April 8, 2024- by Steven E. Greer, MD
I watch this History Channel series on Abraham Lincoln from 2022, and it made me look into the fate of his children. He had four sons. All but one died of what seems to be infectious diseases. Even while Lincoln was in the White House (i.e., a very safe place), one of his sons died from contaminated water (e. coli) and typhoid fever. Of course, all of those hundreds of thousands of soldiers in the Civil War mostly died from bacterial infections as well (i.e., not directly from the bullets or cannon wounds).
Bacterial infections back then were quite the killer. Typhoid, cholera, bubonic plague, tuberculous, gangrene, etc. are rarely seen now. I find this fascinating as a doctor. What a different world it was.
Making matters worse, if you did not die from an infection, you were at risk of being killed by doctors doing the barbaric act of draining your blood for no reason. I wrote about that before. Very few historians and doctors know about bloodletting. It was the main therapy of quacks for a 1,000 years, up until about 1900.

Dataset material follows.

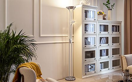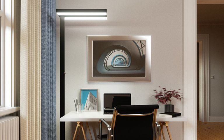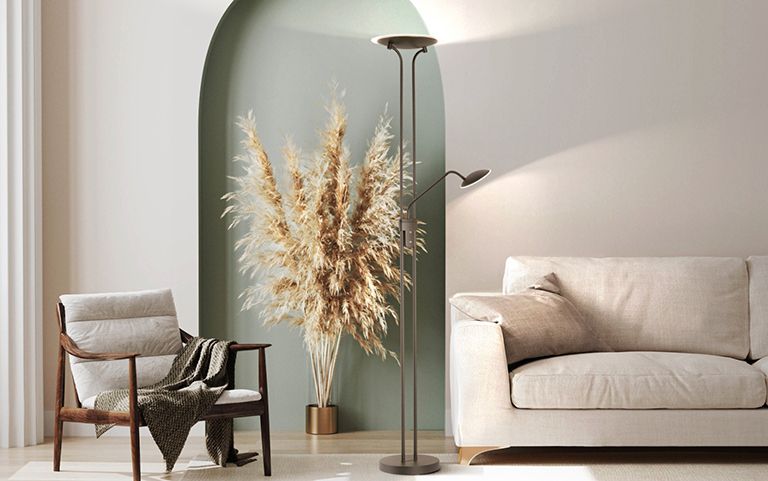 Zonas del salón como el sofá, el rincón de lectura, la mesa de comedor o un pequeño puesto de trabajo se benefician de luz adicional dirigida. Las lámparas de pie o las lámparas de lectura flexibles y los apliques de pared con brazo de lectura independiente son ideas de iluminación típicas que iluminan zonas individuales con sensatez y dan estructura al salón al mismo tiempo.
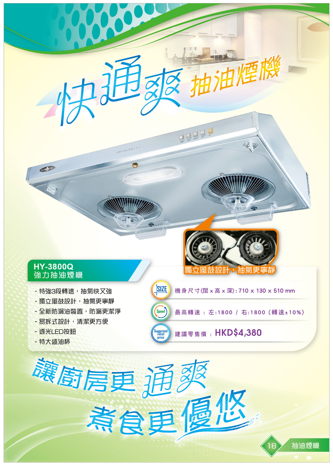 氣霸 Hibachi HY-3800Q‧710mm 按鈕易拆式抽油煙機‧獨立風鼓‧香港行貨,原廠1年保養‧

Stop and ponder this if you will. If you are reading this, then you are alive. But how? Your ancestors survived those tough odds. My ancestors come from Kentucky and rural America before that (the early colonies). How the hell did they survive?
I, like most people, have never considered how lucky we are to be alive given the steep odds against surviving our ancestors face. This is why most cultures respect elders. They are why the young people are alive.